**BRIEF**: Your task is to print all of the data below exactly, with no pictures included.

**MATERIAL FOR THIS EXERCISE**:
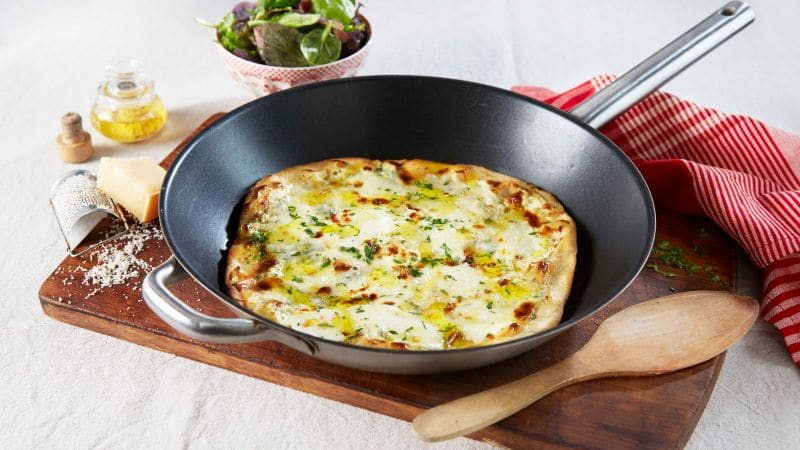 Italiensk pizza kan være kjappere å lage fra bunnen av enn frossenpizza. Her får du trikset som gjør det mulig å oppnå ekte steinovnspizza hjemme. Alt du trenger er en stekepanne som tåler å stå i stekeovnen.
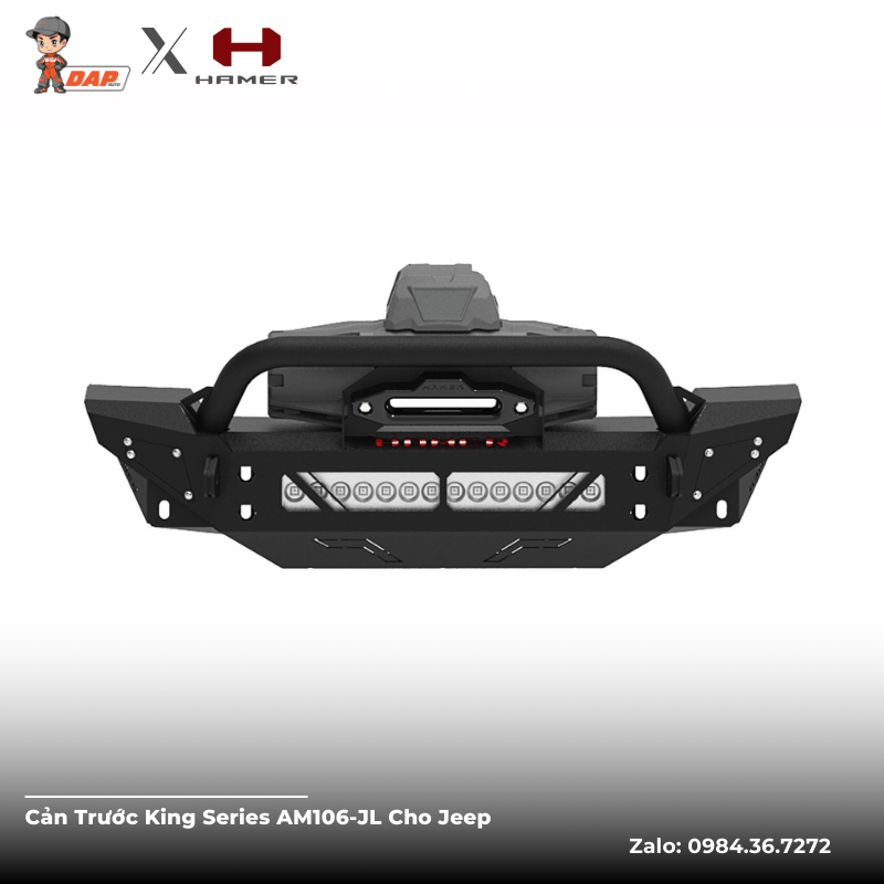 Nếu bạn đang tìm kiếm một món nâng cấp vừa đậm chất chơi, vừa thực dụng cho chiếc Jeep của mình, thì cản trước Hamer King Series AM106-JL chính là lựa chọn hoàn hảo. Với thiết kế hầm hố, chuẩn off-road, tích hợp sẵn vị trí lắp tời kéo và móc cứu hộ, AM106-JL không chỉ giúp chiếc Jeep nổi bật trên mọi cung đường mà còn sẵn sàng đồng hành trong những tình huống địa hình khắc nghiệt nhất.
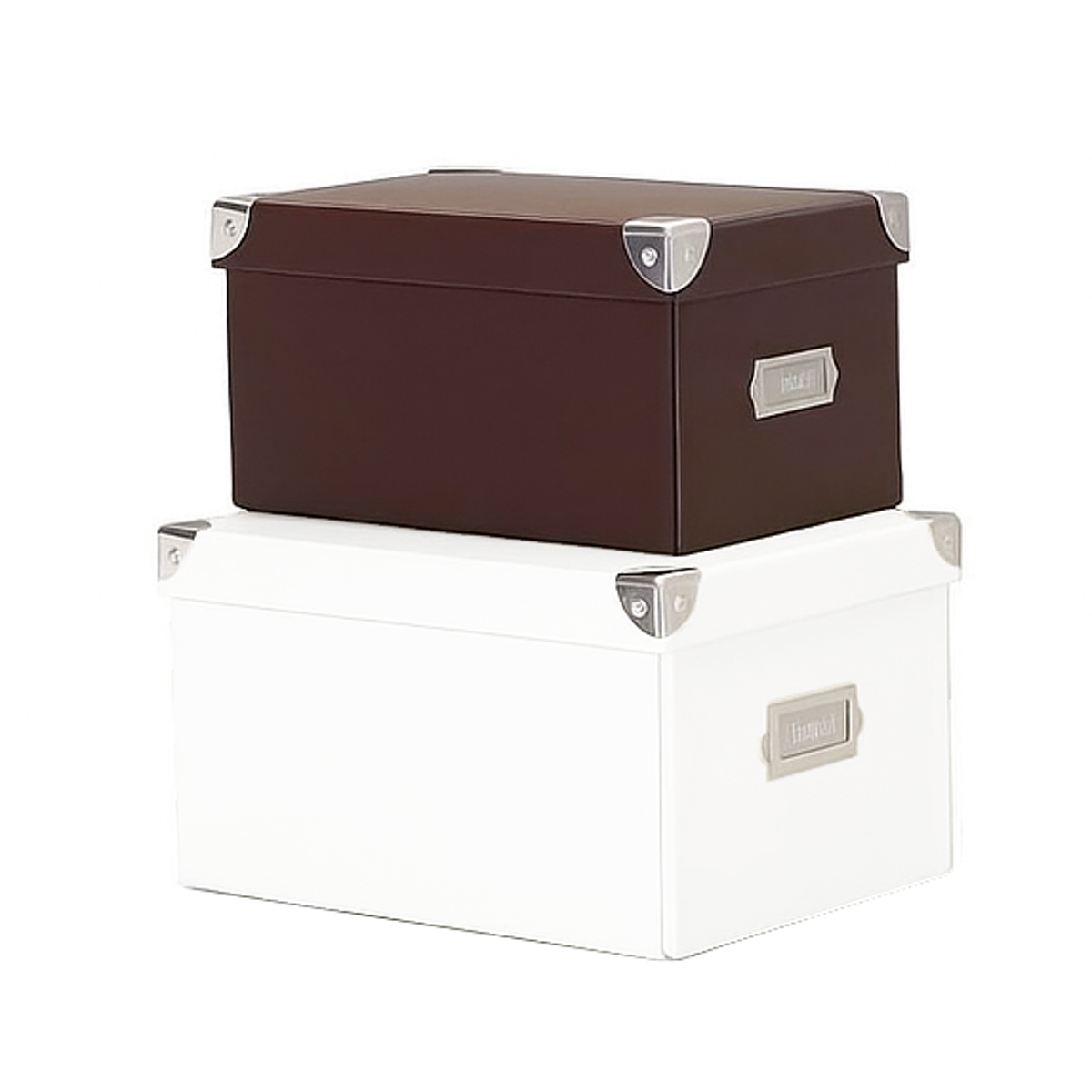 落ち着いたカラーがおしゃれなフタ付きの紙製ボックスは、デザイン性に優れているので、棚に並べてもお部屋に並べても、インテリアに自然になじみます。見せたくない物、まとめておきたい物を全部入れて、お部屋をスッキリさせましょう。
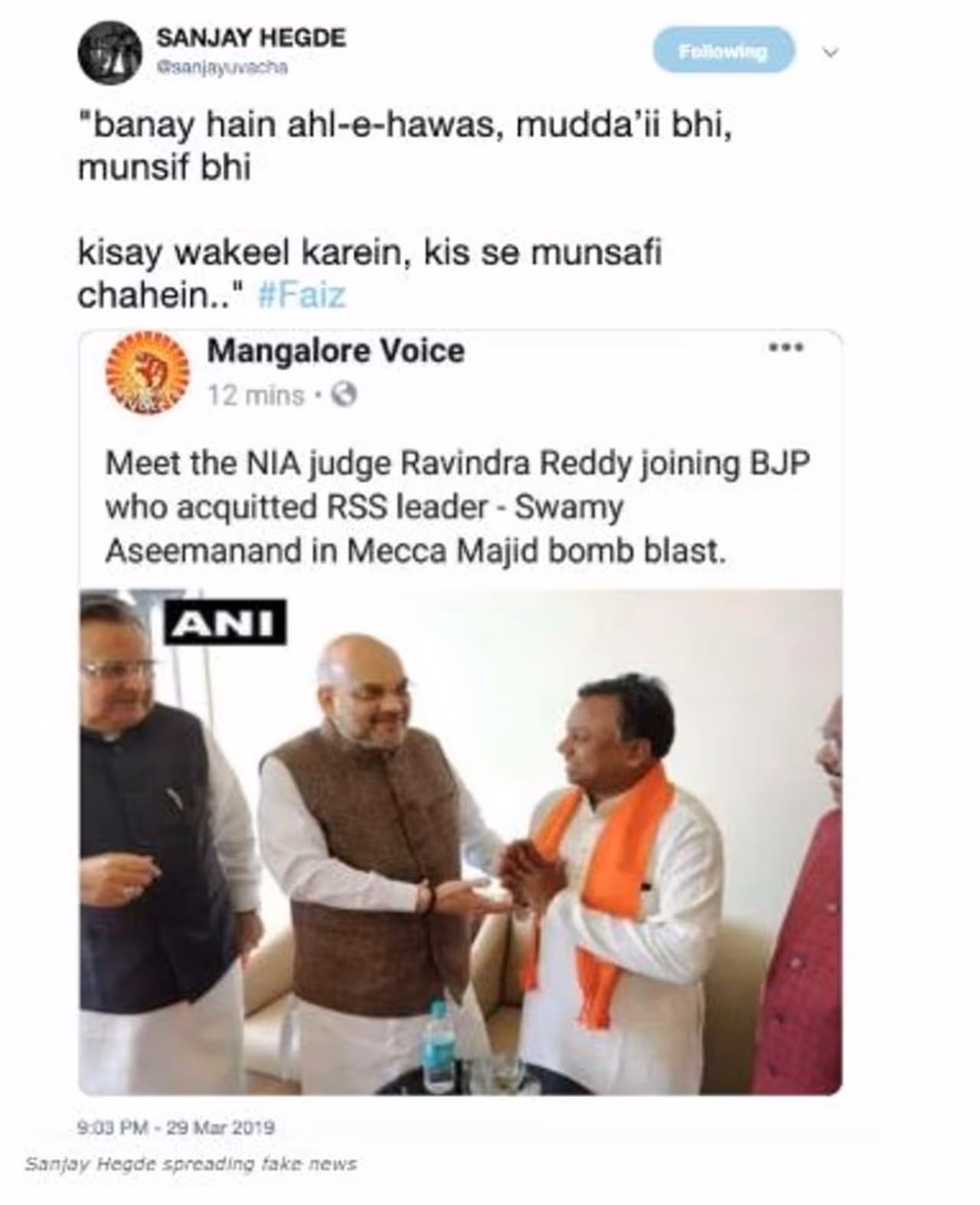 Once such fake news pertained to NIA judge Ravindra Reddy joining BJP. It was he who acquitted RSS leader – Swamy Aseemanand in Mecca Majid bomb blast.
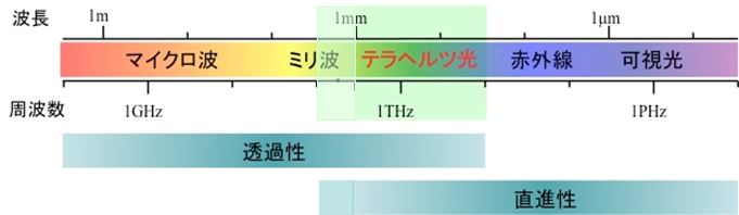 テラヘルツ光(周波数 0.1~10 THz、波長3 mm~30 um)は、電波と可視光それぞれの技術的進展とは対照的に ” 光のフロンティア ” と呼ばれています。この光領域は人間の眼で見えないものを透視することができたり、X線やγ線に比べて被ばくの危険性がないなどの優れた特長をもっているため、これらを活かしたセキュリティー応用やメディカル診断、天文観測や物性研究など、様々な分野でのテラヘル ツ光応用の可能性を秘めています。
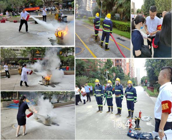 随后,救火组在小区北面消防通道进行了抛接水带、喷水灭火的演练;各小组成员对准备的二大火盆进行了干粉灭火器的操作演练。
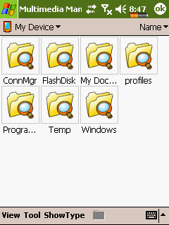 Multimedia Manager – альтернативный файловый броузер, «заточенный» под поиск и отображение мультимедиа-файлов. Его преимущество – в простом графическом интерфейсе, более удачном, чем у штатного File Explorer, а недостаток – в том, что одновременно он отображает только файлы одного вида – звук, изображения или видео: например, если в папке с графическими файлами вы выберете опцию Видео, то не увидите ничего.
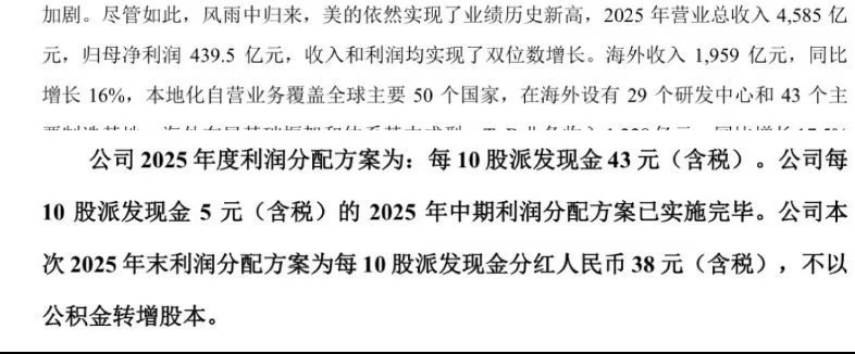 2025年美的利润全部分红美的业绩再创新高,发展势头强劲,将全部利润用于分红,尽
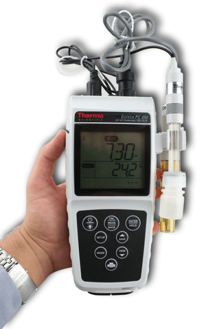 PC 450 accepts a single pH/Con probe or separate pH and conductivity probes
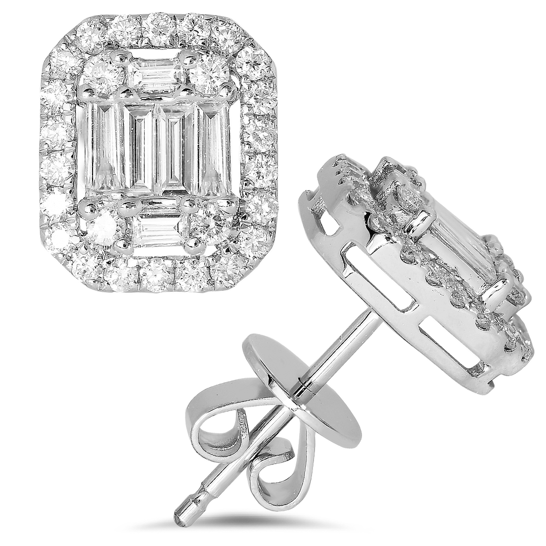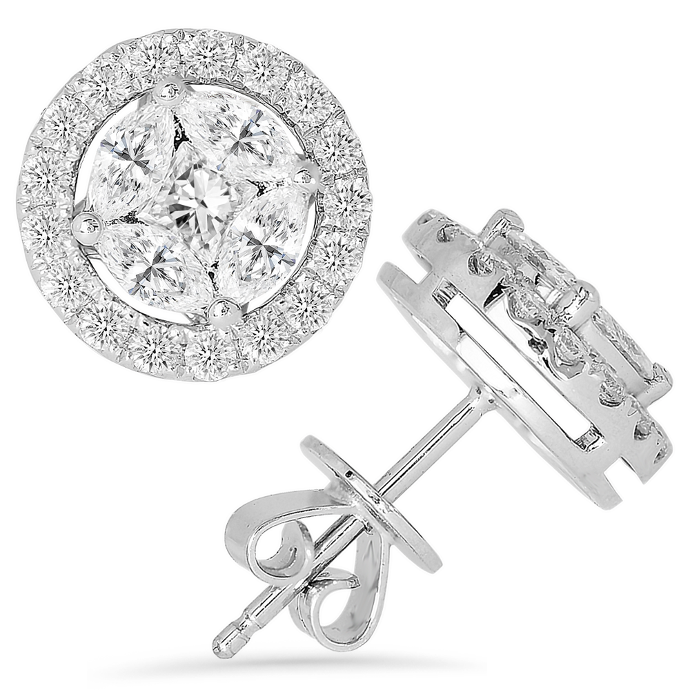 18K white gold stud earrings illusion setting - SKU#: 31224

**ANSWER BELOW**:
 Italiensk pizza kan være kjappere å lage fra bunnen av enn frossenpizza. Her får du trikset som gjør det mulig å oppnå ekte steinovnspizza hjemme. Alt du trenger er en stekepanne som tåler å stå i stekeovnen.
 Nếu bạn đang tìm kiếm một món nâng cấp vừa đậm chất chơi, vừa thực dụng cho chiếc Jeep của mình, thì cản trước Hamer King Series AM106-JL chính là lựa chọn hoàn hảo. Với thiết kế hầm hố, chuẩn off-road, tích hợp sẵn vị trí lắp tời kéo và móc cứu hộ, AM106-JL không chỉ giúp chiếc Jeep nổi bật trên mọi cung đường mà còn sẵn sàng đồng hành trong những tình huống địa hình khắc nghiệt nhất.
 落ち着いたカラーがおしゃれなフタ付きの紙製ボックスは、デザイン性に優れているので、棚に並べてもお部屋に並べても、インテリアに自然になじみます。見せたくない物、まとめておきたい物を全部入れて、お部屋をスッキリさせましょう。
 Once such fake news pertained to NIA judge Ravindra Reddy joining BJP. It was he who acquitted RSS leader – Swamy Aseemanand in Mecca Majid bomb blast.
 テラヘルツ光(周波数 0.1~10 THz、波長3 mm~30 um)は、電波と可視光それぞれの技術的進展とは対照的に ” 光のフロンティア ” と呼ばれています。この光領域は人間の眼で見えないものを透視することができたり、X線やγ線に比べて被ばくの危険性がないなどの優れた特長をもっているため、これらを活かしたセキュリティー応用やメディカル診断、天文観測や物性研究など、様々な分野でのテラヘル ツ光応用の可能性を秘めています。
 随后,救火组在小区北面消防通道进行了抛接水带、喷水灭火的演练;各小组成员对准备的二大火盆进行了干粉灭火器的操作演练。
 Multimedia Manager – альтернативный файловый броузер, «заточенный» под поиск и отображение мультимедиа-файлов. Его преимущество – в простом графическом интерфейсе, более удачном, чем у штатного File Explorer, а недостаток – в том, что одновременно он отображает только файлы одного вида – звук, изображения или видео: например, если в папке с графическими файлами вы выберете опцию Видео, то не увидите ничего.
 2025年美的利润全部分红美的业绩再创新高,发展势头强劲,将全部利润用于分红,尽
 PC 450 accepts a single pH/Con probe or separate pH and conductivity probes
 18K white gold stud earrings illusion setting - SKU#: 31224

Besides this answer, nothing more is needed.